Me extraña eso de qu brillen un poco en la oscuridad si las dejas al sol. El acabado está hecho para que reaccione a la luz UVA, no para cargarse. Es como pretender que una camiseta blanca de algodón brille en la oscuridad por sí sola, sólo porque brilla una barbaridad bajo luz negra.

----------


## OnlyFive

Las cartas estan chulas,(dan un toque "siniestro" al ambiente) no son muy dramáticas, que si las quieres más dramáticas,, las hay. :001 07:  Lo que no entiendo es lo de la luz ultravioleta. Que yo sepa, nadie tiene, o eso creo yo esa luz en "casa". A no ser que las lleves a un espectaculo, escenario, no sé. Más bien le pondría a la carta algo, para que brillara con baja luz, por ejemplo,,, y eso sería algo de fluorescente. O lo que llevan los relojes en el numero, para verlos por la noche. :20:

----------


## Tereso

> Las cartas estan chulas,(dan un toque "siniestro" al ambiente) no son muy dramáticas, que si las quieres más dramáticas,, las hay


Como dije, mi estimado OnlyFive, es una cuestión que reside completamente en MI GUSTO, vaya, que si le pones a algo REALEZA TRÁGICA y sales con caricaturas, pues me parece un poco decepcionante, pero reitero que es una cuestión y opinión personal basada completamente en mi gusto. Supongo que el punto es hacer un análisis más objetivo, cosa que me resulta difícil tratándose de cartas.
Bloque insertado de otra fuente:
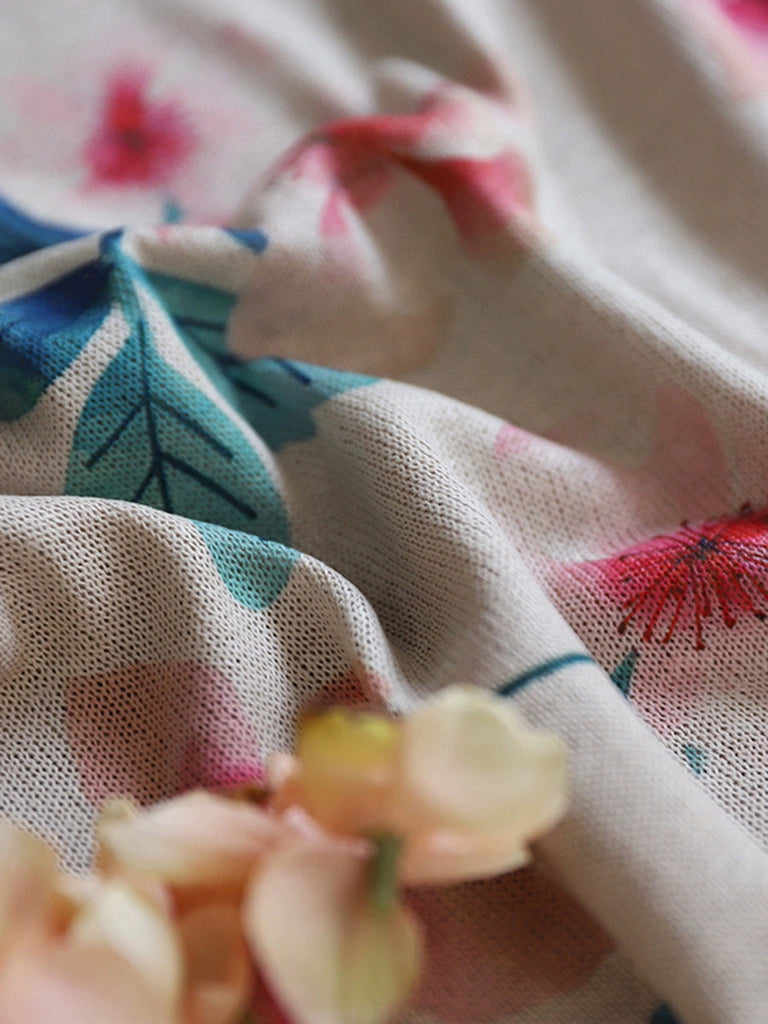 Women Summer Casual Flower O-neck Knitted Shirt II1044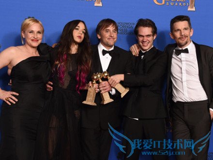 "Boyhood" won Best Motion Picture - Drama at the 2015 Golden Globes, one of three awards Richard Linklater's film grabbed on Sunday night. Linklater also took home Best Director, while co-star Patricia Arquette grabbed Best Supporting Actress.《少年时代》获得了2015年金球奖的最佳剧情类电影奖,这是周日晚上理查德·林克莱特的这部电影斩获的三项大奖之一。林克莱特也抱回了最佳导演,同时共演影星帕特里夏·阿奎特拿下了最佳女配。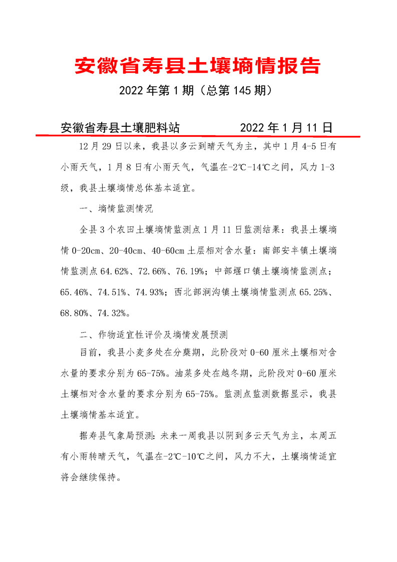 寿县《土壤墒情》2022年第1期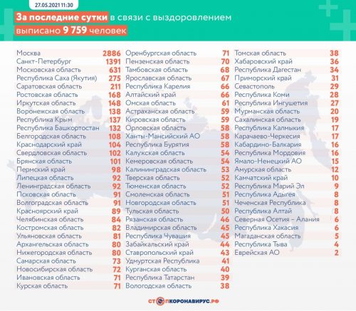 По данным Роспотребнадзора, на сегодняшний день проведено свыше 136,8 млн лабораторных исследований на наличие нового коронавируса. За последние сутки проведено 338 тысяч тестов на коронавирус. Под медицинским наблюдением в целом по России по состоянию на 27.05.2021 остаётся 517 061 человек.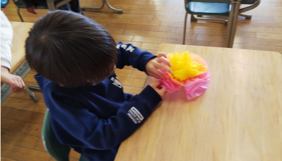 1年生の教室の前を通ると飾り付け用のお花を一生懸命につくっていました。4月の入学式用で、新1年生のためのものです。「皆、1年って早いね。これで新1年生を迎えられるね。もう立派な2年生だね」と話すとすごくうれしそうです。
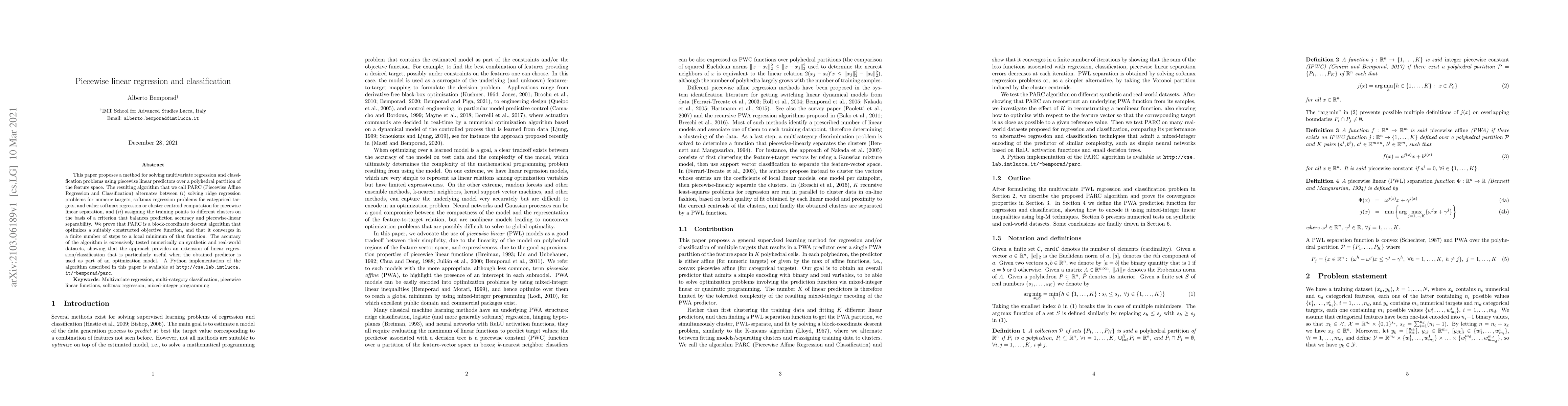 This paper introduces PARC, a method for multivariate regression and classification using piecewise linear predictors. It alternates between solving regression and clustering problems, proving convergence to a local minimum, and demonstrating its effectiveness on synthetic and real datasets.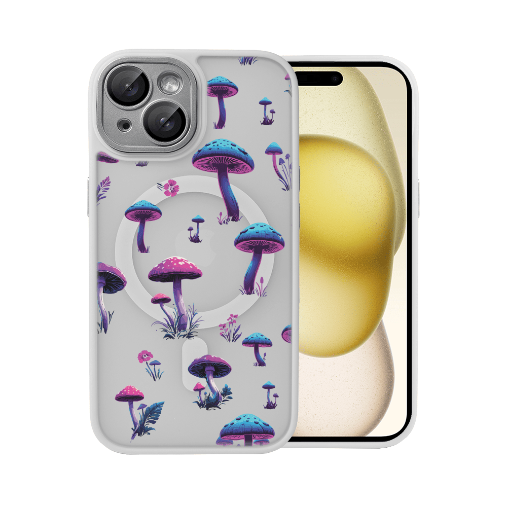 Etui do iPhone 15 Plus Color Flush z Magsafe, z osłoną aparatu, z nadrukiem magiczne grzybki, popielate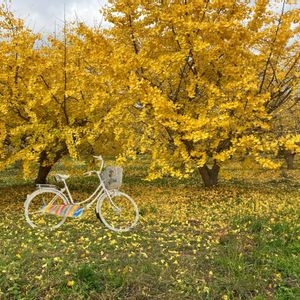 ダイコンの花と娘と自転車 ジッとして動かず!

Pero esa ni siquiera es la cuestión, la cuestión es tratar de complementar un trabajo hecho por Rave (razón por la cual le pido su permiso para montar los dos análisis de barajas que llevo por aquí...), analizando diversas cartas, tratando de exponer lo que se puede considerar como fortalezas y debilidades de los mazos que, eventualmente, podrían comprar los demás miembros de la comunidad y así evitarnos (a todos) un fiasco o, en todo caso, proporcionarnos un buen guiño de por dónde van los tiros.

Saludos dramáticos.

----------


## rave

> Si.
> Me extraña eso de qu brillen un poco en la oscuridad si las dejas al sol. El acabado está hecho para que reaccione a la luz UVA, no para cargarse. Es como pretender que una camiseta blanca de algodón brille en la oscuridad por sí sola, sólo porque brilla una barbaridad bajo luz negra.


Yo no digo que tengan que brillar en la oscuridad, simplemente doy la información según mis pruebas. Tienen la cantidad justa de tinta para que solo brillen bien con una fuente de luz uva, al igual que las cartas marcadas con tinta reactiva.

OnlyFive yo tengo dos tubos de luz uva de mis tiempos mozos. :D

----------


## OnlyFive

Pues rave yo no he visto nunca esos tubos de luz uva, excepto en la discoteca o pub, y ahí si que se verían bien las cartas, un día me las llevo a la disco jejejej. Por eso digo yo lo de otro metodo, para que brillen. Los de Bicycle sabran que llevan con los deck muchos añitos.

----------


## MagoWinki

> Las cartas estan chulas,(dan un toque "siniestro" al ambiente) no son muy dramáticas, que si las quieres más dramáticas,, las hay. Lo que no entiendo es lo de la luz ultravioleta. Que yo sepa, nadie tiene, o eso creo yo esa luz en "casa". A no ser que las lleves a un espectaculo, escenario, no sé. Más bien le pondría a la carta algo, para que brillara con baja luz, por ejemplo,,, y eso sería algo de fluorescente. O lo que llevan los relojes en el numero, para verlos por la noche.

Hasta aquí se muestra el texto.